◆ **What this task involves**:
Beginning with the line that contains "石景山区2026年世界读书日", repeat each line exactly through the end of the listing below. Pictures stay out.

◆ **Material provided**:
◇ ◇ ◇ ◇
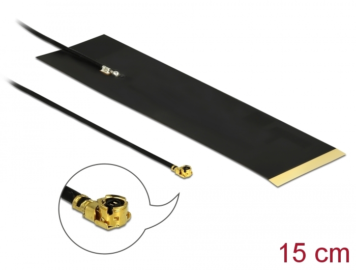 Delock LTE Antenna, MHF I csatlakozódugó, 1,9 - 3,9 dBi, 1.13 15 cm-es NYÁK-lap, belso öntapadós (12612)
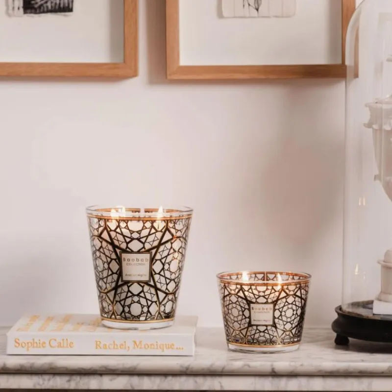 Die Duftkerze Arabian Nights in der Größe Max 10 ist mit einem Siebdruck-Motiv mit Dekor aus 24-karätigem Gold verziert, welches Moucharabieh, also offene Architekturelementen des arabischen Raums darstellt. Die Kopfnote des Duftes Arabian Nights besteht aus Safran, die Basisnote besteht aus Oud und Weihrauch. Die Kerze Max 10 ist 10 cm hoch und hat einen Durchmesser von 12 cm. Bei korrekter Benutzung der Duftkerze hat sie eine Brenndauer von etwa 60 Stunden. Die Verwendung von vier kräftigen Dochten aus ägyptischer Baumwolle sorgt für eine angenehmen und gleichmäßige Raumbeduftung.
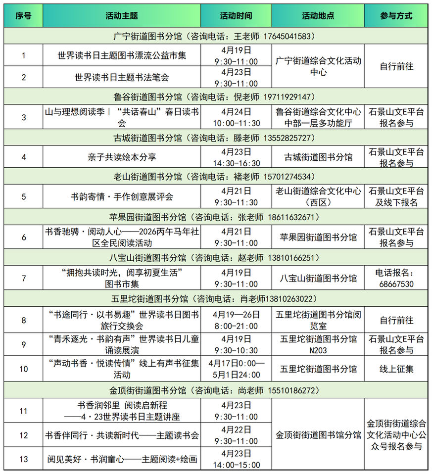 石景山区2026年世界读书日
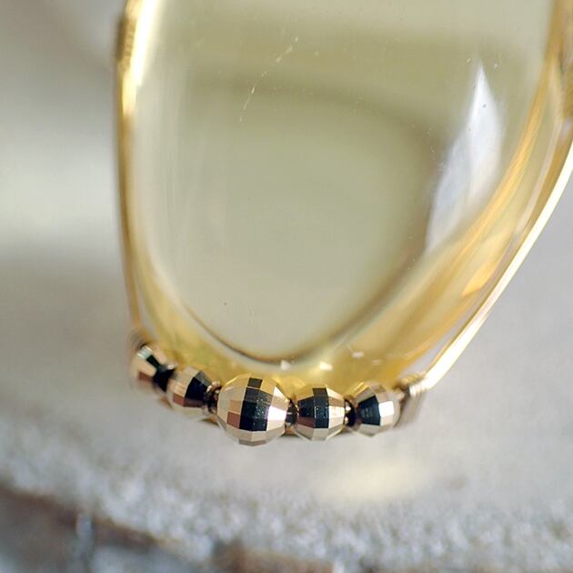 ・14金ゴールドフィルドワイヤーと10Kビーズを使用しています。とても軟らかい素材ですので、硬い物にぶつけたり、落としたりしないでください。破損の原因となります。
◇ ◇ ◇ ◇
◆ **Task output**:
 石景山区2026年世界读书日
 ・14金ゴールドフィルドワイヤーと10Kビーズを使用しています。とても軟らかい素材ですので、硬い物にぶつけたり、落としたりしないでください。破損の原因となります。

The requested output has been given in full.